Он представил, что это не закончится. Для науки такое развитие событий стало бы великой находкой. Неоспоримым доказательством теории. Наблюдением, которое однозначно подтвердит существование склеенных ветвей с длительным (практически бесконечным) временем релаксации. Статьи в журналах. В «Нейчур», «Физикал ревю». Конференции, доклады. Но…

Это будет ужасно.

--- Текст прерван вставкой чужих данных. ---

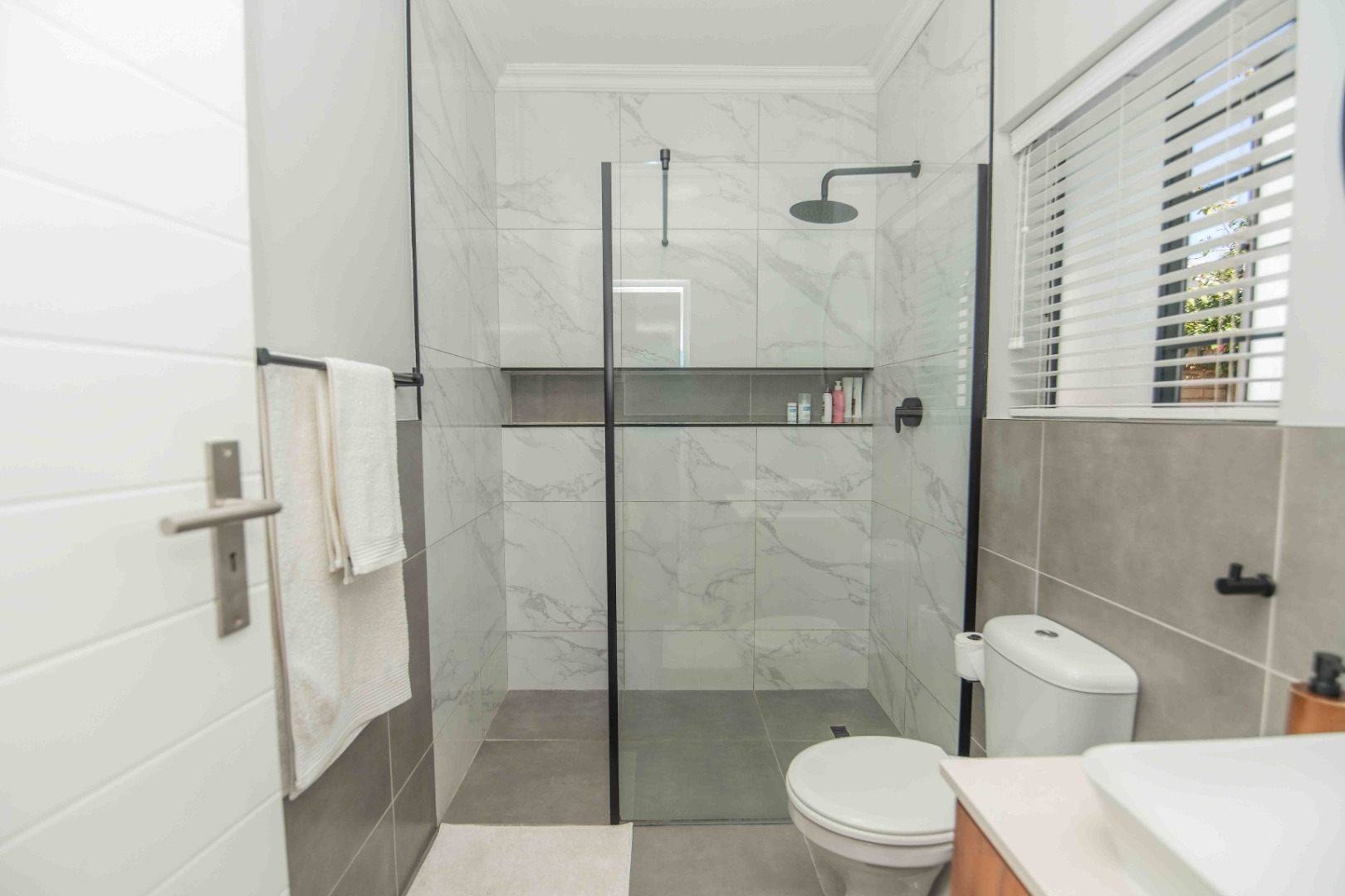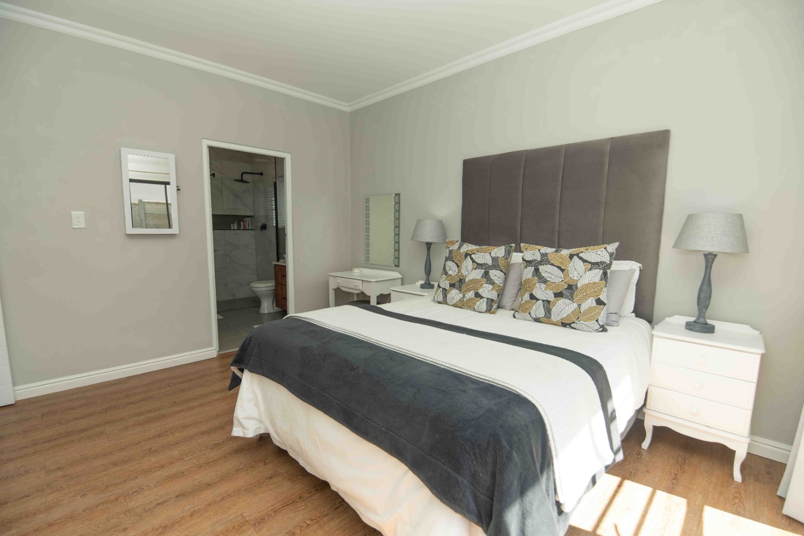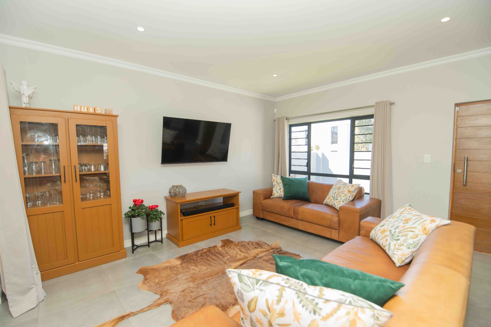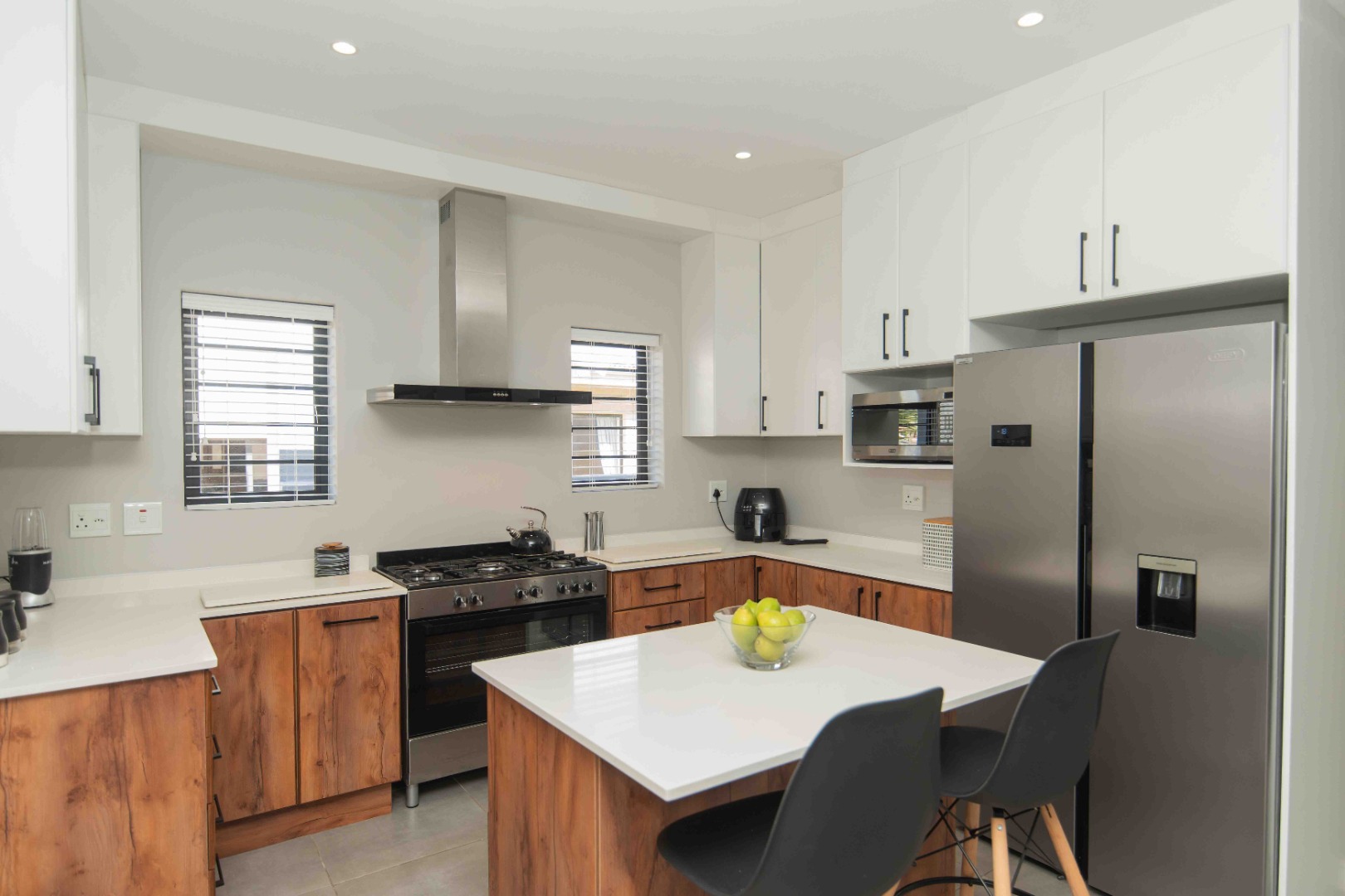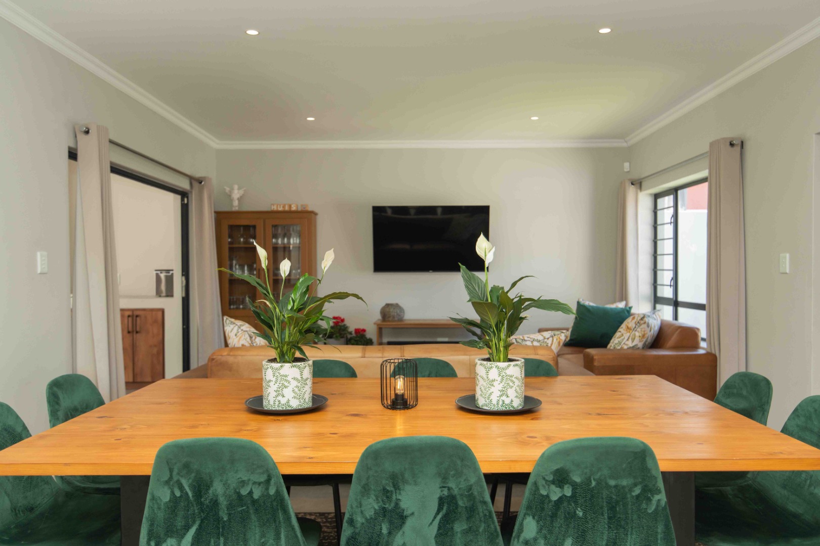 At the heart of the home, a beautifully appointed open-plan kitchen with scullery combine form and function, featuring a freestanding oven with gas hob and modern quartz counters throughout. Perfectly suited to both everyday living and stylish entertaining. The adjoining living areas extend effortlessly onto a covered verandah with a built-in braai, creating a seamless indoor/outdoor lifestyle ideal for year-round enjoyment.
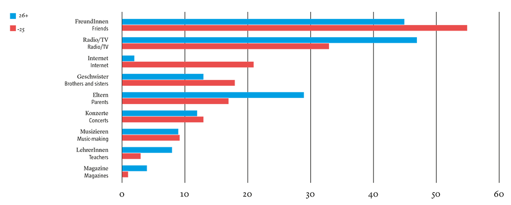 What can, however, be ascribed to digitalisation is the musical behaviour that differs most of all between today’s young people and older generations: the use of the Internet and smartphones. The most significant group segment variations in the entire study can be seen in how the generations that were socialised in the analogue and digital eras differ in the way they use the Internet for music (figure 1). While older people more often access music via the radio (followed by TV and CD), among young people the smartphone has progressed from last place to first place in the space of only five years (2010–2015). The immense significance of the Internet as a key differentiator between the generations can also be seen in the importance young people attach to it for their own musical socialisation; as can be seen in figure 2, this difference is disproportionately large.
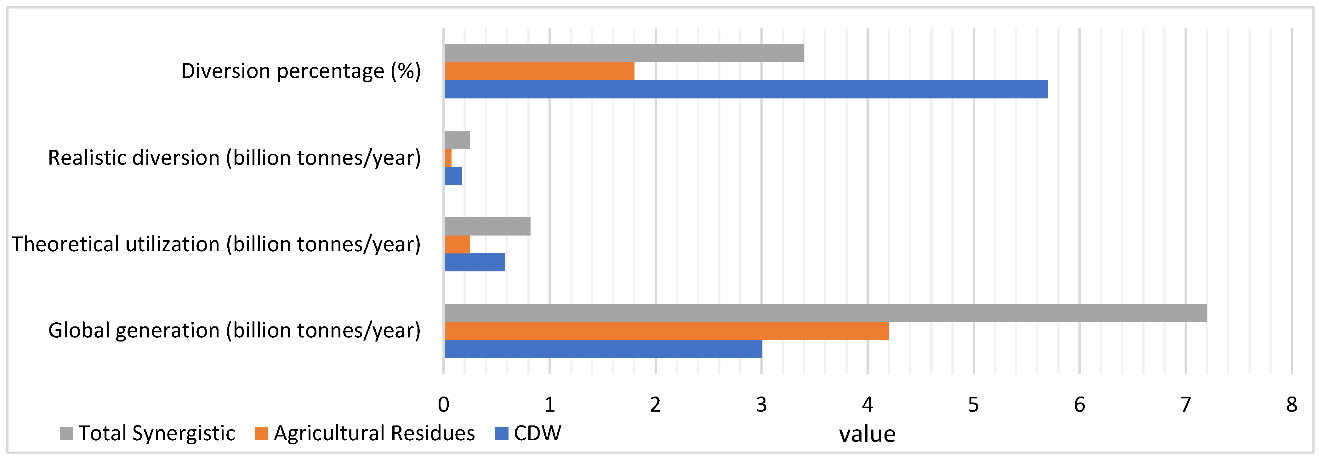 | Waste Stream | Global Generation (Gigatonnes/Year) | Theoretical Utilisation (Gigatonnes/Year) | Realistic Diversion (Gigatonnes/Year) | Diversion Percentage (%) |
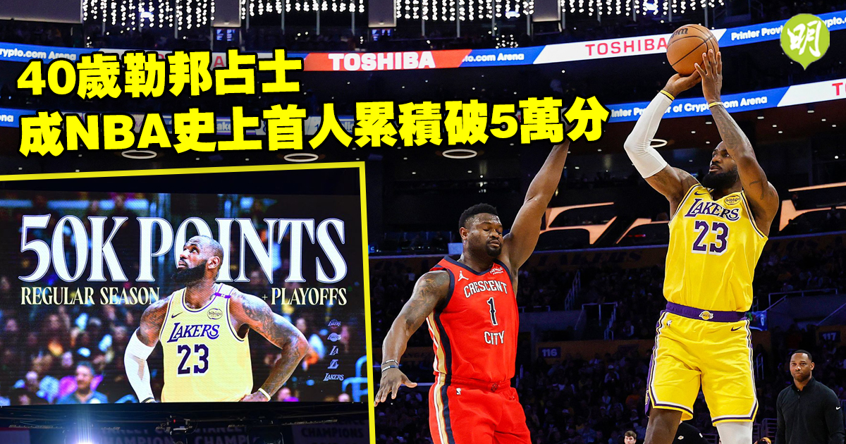 已踏入第22個球季的勒邦占士,即使已年屆40歲仍保持籃壇頂尖水平,今季場均貢獻24.7分、8個籃板及8.6次助攻。他今隨湖人在NBA常規賽迎戰塘鵝,上陣33分鐘取34分、8個籃板及6次助攻,加上另一球星盧卡當錫亦貢獻「雙雙」的30分及15次助攻,領銜在主場以136:115大勝取七連捷,賽後以39勝21負升上西岸次席。而占士職業生涯連同常規賽及季後賽累計攻入5,0033分,更成為NBA史上首名總得分突破5萬的球員。賽後他表示:「我依舊喜愛着在場上打球,交出自己所能貢獻球隊,希望我可繼續享受作為職業球員的過程。」

Баснер, неизвестно на что способный. Шауль, которому Ада родила сына… Господи… Как это выдержать?

Лена хотела, чтобы он опроверг ее слова. Она и произнесла их, чтобы он воскликнул: «Нет! Что вы! Все закончится очень скоро, и мы опять заживем по-прежнему!»

Ада… Ады не будет все равно, потому что ветвление произошло в момент ее смерти – значит, во всех трех мирах. Во всех.

– Я не хочу, чтобы вы исчезли из моей жизни, – неожиданно для себя сказал Купревич. Слова сложились сами в глубине сознания, и сознание не удержало их в себе.

– Простите, – пробормотал он.

– Мне было пятнадцать, когда мы сюда приехали, – Лена вертела в руках пустую чашку и заглядывала на дно, будто видела там то, о чем рассказывала. – Нас трое было: родители и я. И знаете, что я вам скажу? Раньше мне не приходило в голову, а сейчас кажется, будто мой мир действительно ветвился на моих глазах. Я хотела стать архитектором и после армии подала документы в Технион. Ждала письма, а как-то утром вдруг – будто стукнуло! – поняла, что стану дизайнером одежды, буду работать в театре, придумывать костюмы артистам. Архитектура? Что за странная прихоть? В тот же день забрала документы из Техниона, а там уже было готово положительное решение, и поступила в академию Бецалель в Иерусалиме. Будто на ходу пересела в другой поезд. Понимаете?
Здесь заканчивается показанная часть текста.